Exercise details: The answer must be an exact transcription of the lines below from the first through the one containing "야생조류 조류인플루엔자(H5) 항원 검출에 따른 차단방역 및 예찰 강화 알림", with the pictures left out; please add nothing else.

Data block:
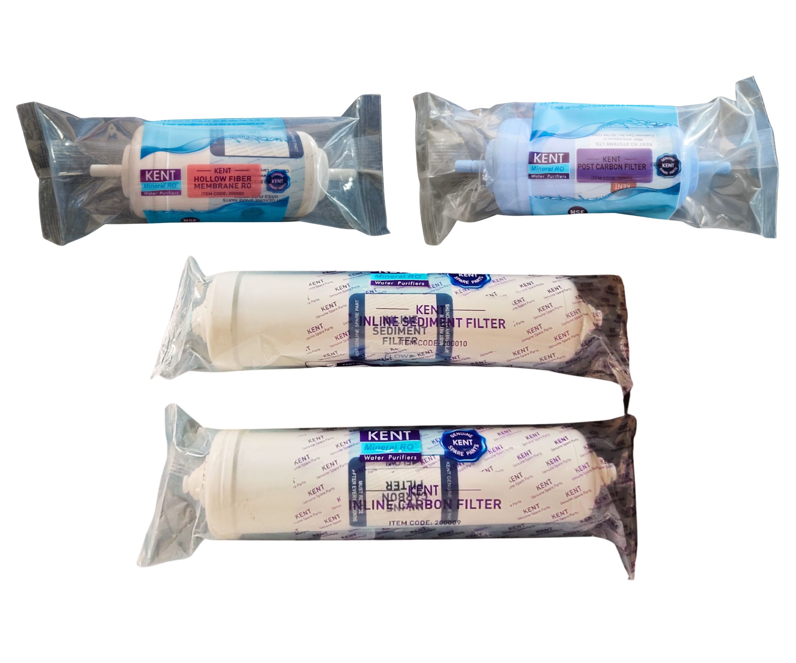 Kent Sediment Filter, Carbon filter, Hollow Fiber Membrane and Post Carbon Filter for RO
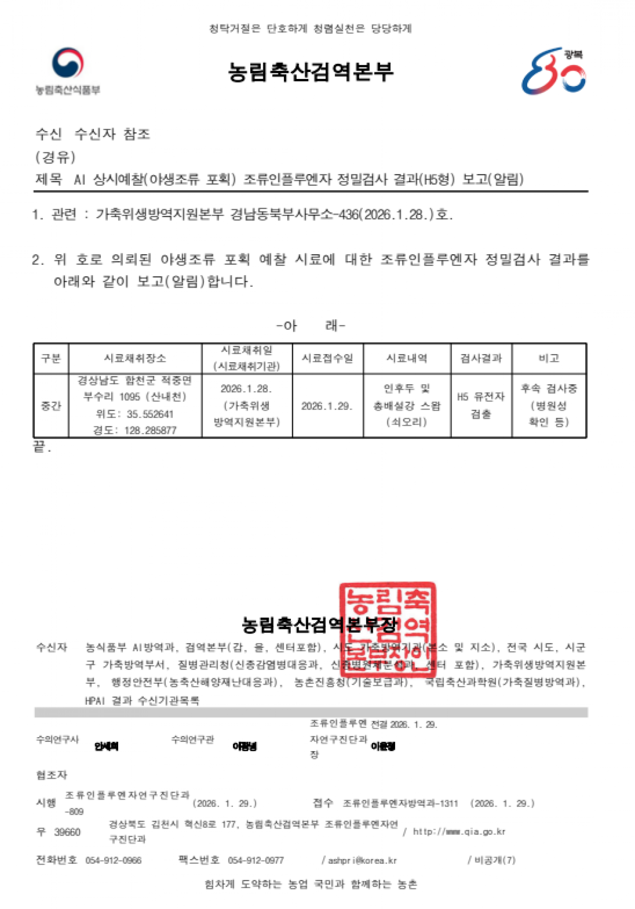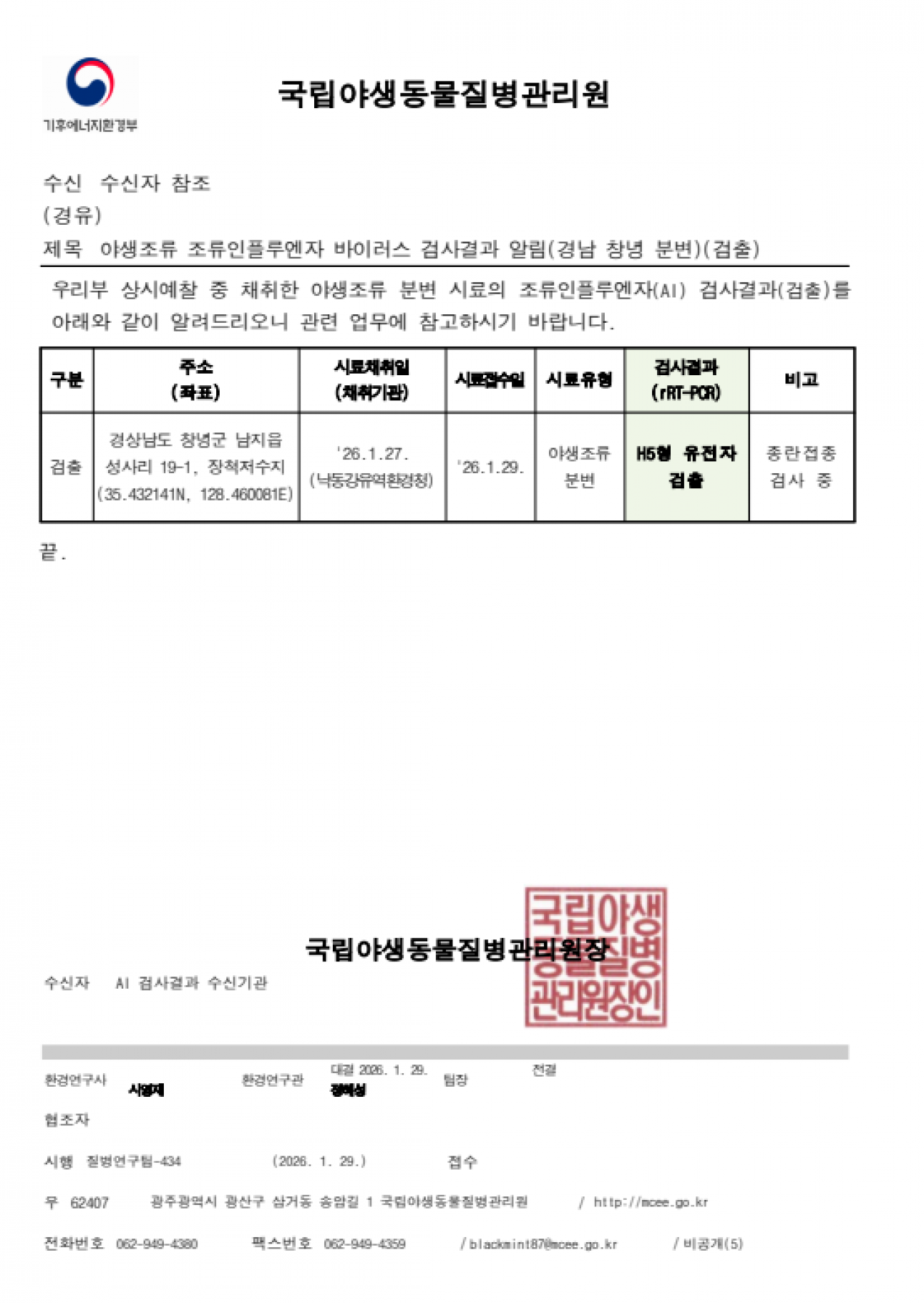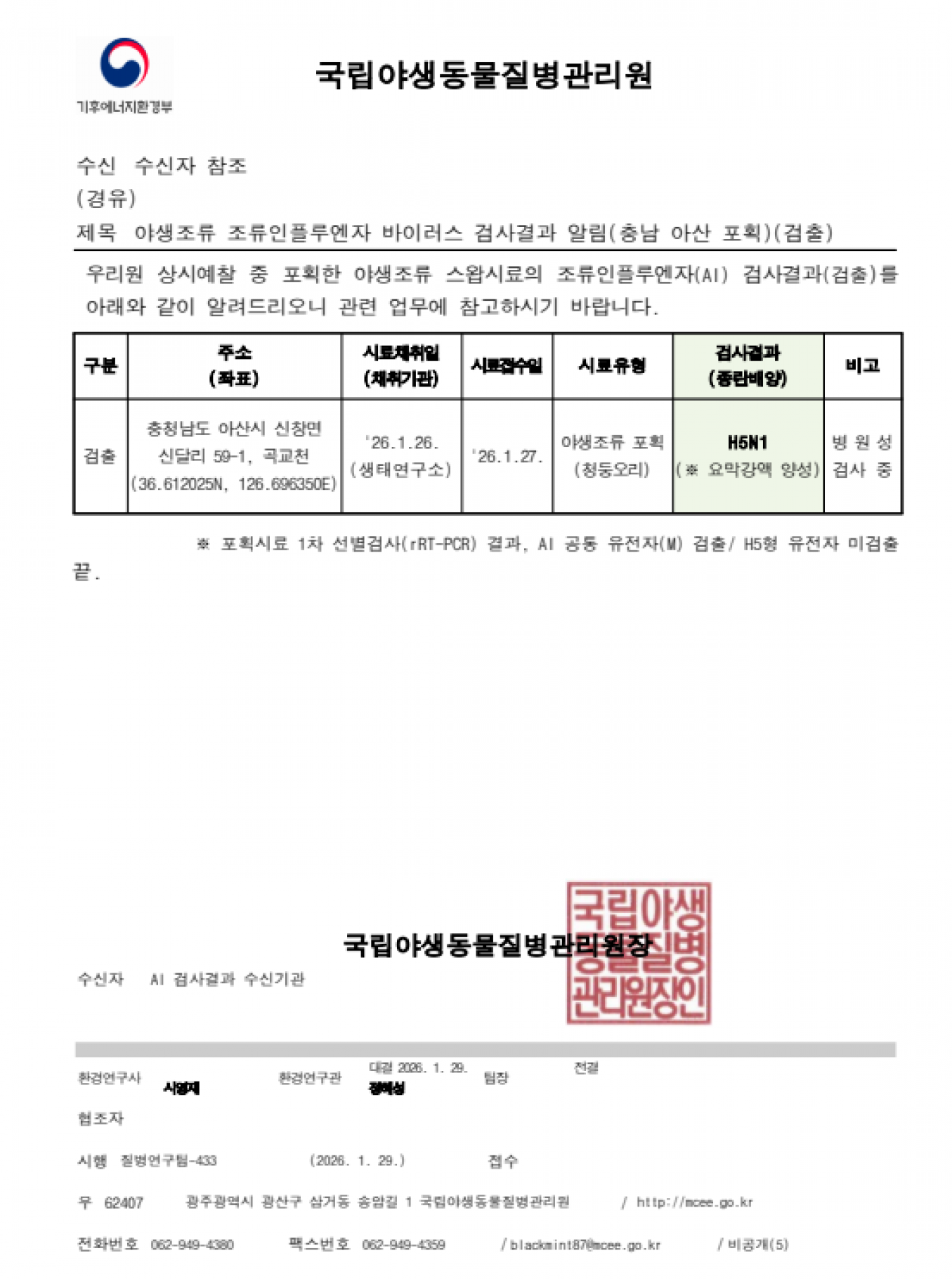 야생조류 조류인플루엔자(H5) 항원 검출에 따른 차단방역 및 예찰 강화 알림
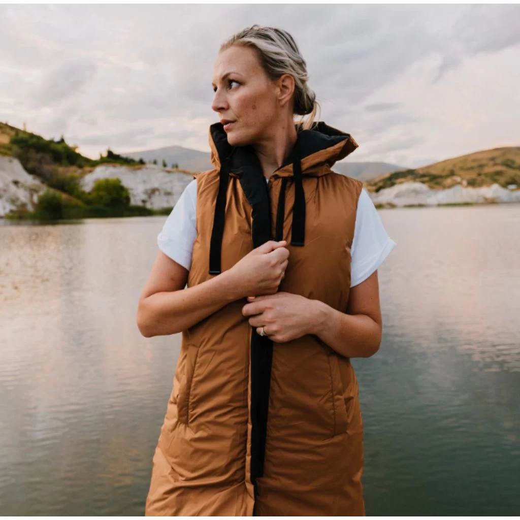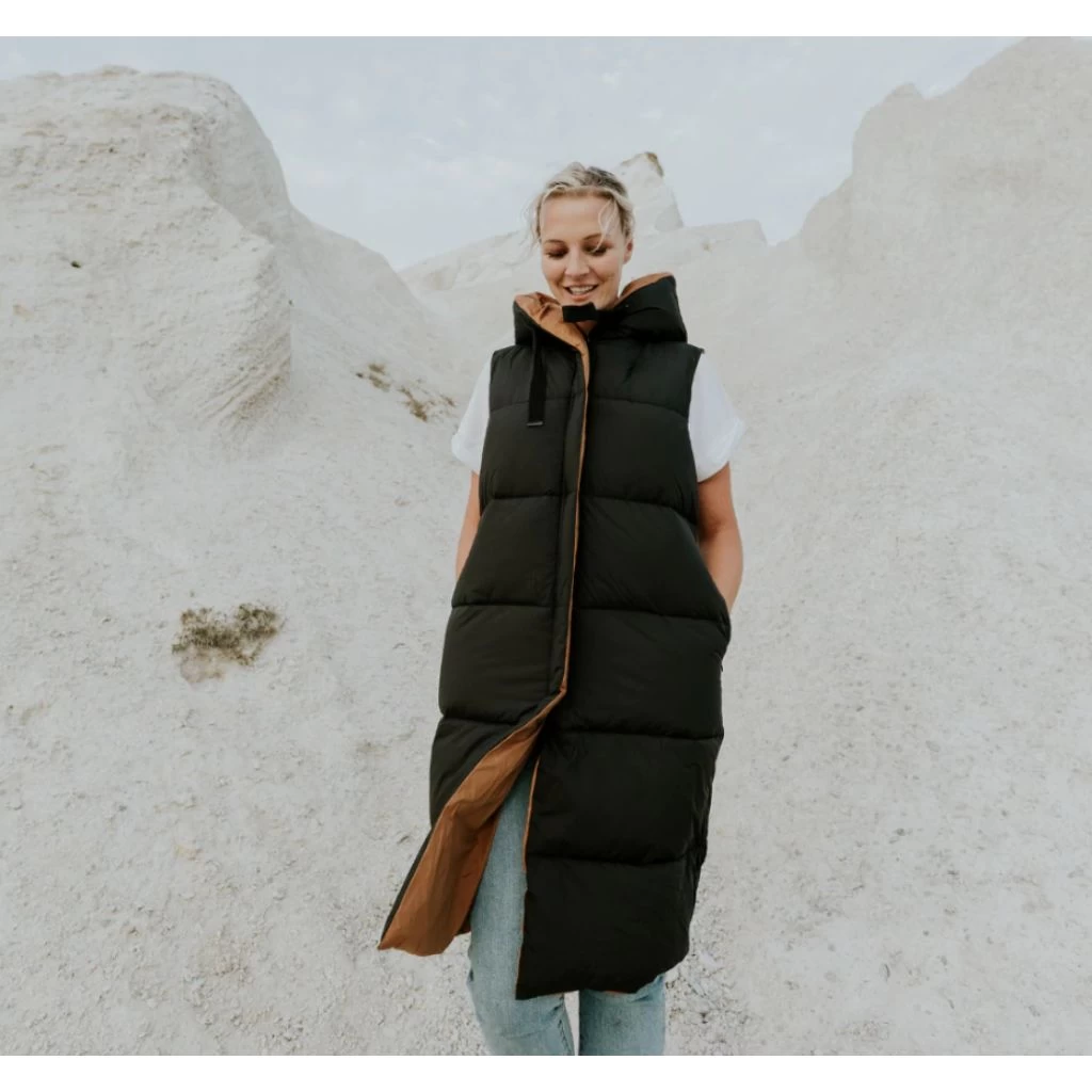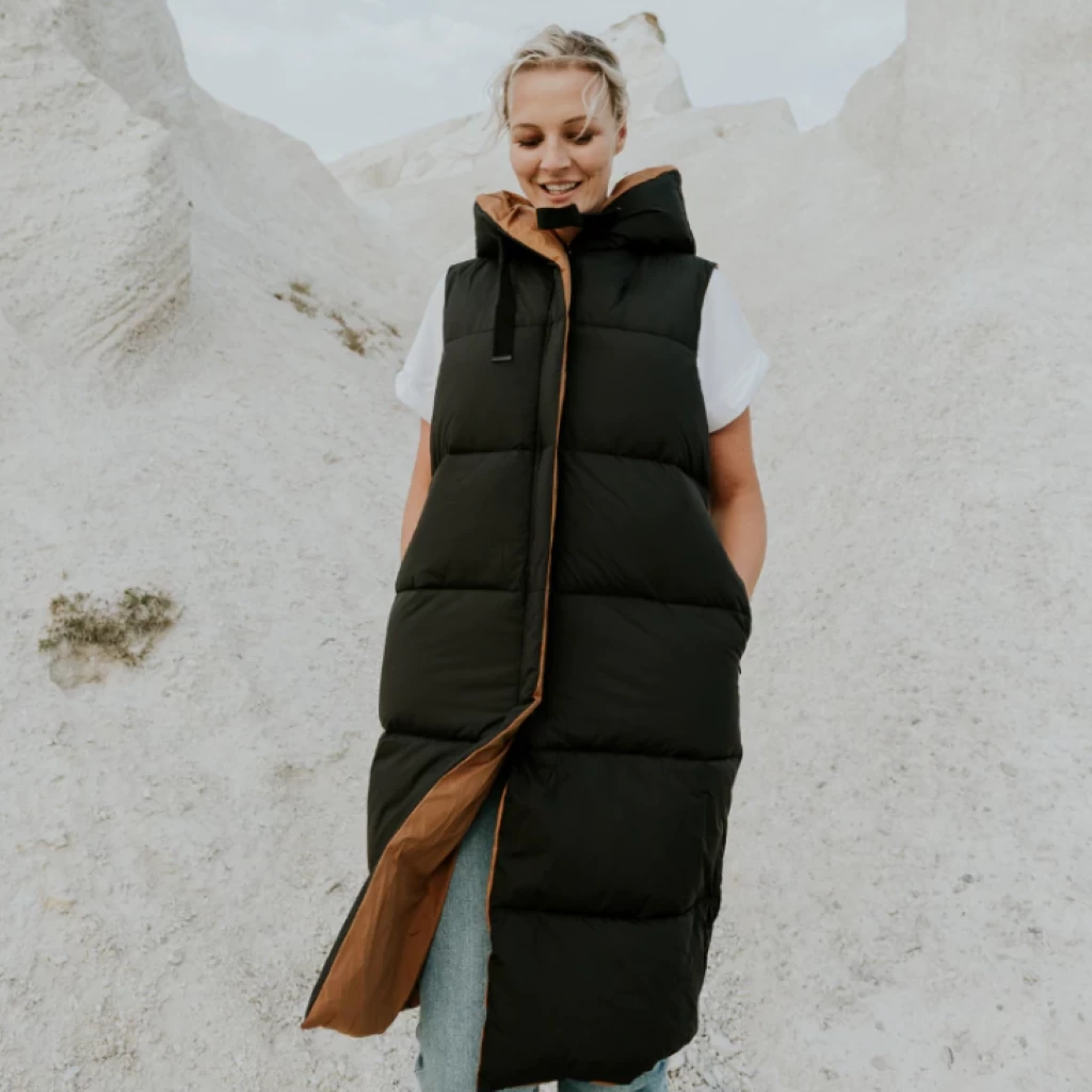 I’m the winter layer that will keep you snuggly and warm on the coldest winter days, perfect for those mornings on the sports sidelines or school drop off. My oversized hood will keep your neck toasty warm. I’m fully reversible so you can match me with anything- the perfect winter investment! You can wear me with a clear conscience, my shell is made from recycled materials and my fill is high performing Sorona insulation, https://sorona.com/ .

Exercise solution:
 Kent Sediment Filter, Carbon filter, Hollow Fiber Membrane and Post Carbon Filter for RO
 야생조류 조류인플루엔자(H5) 항원 검출에 따른 차단방역 및 예찰 강화 알림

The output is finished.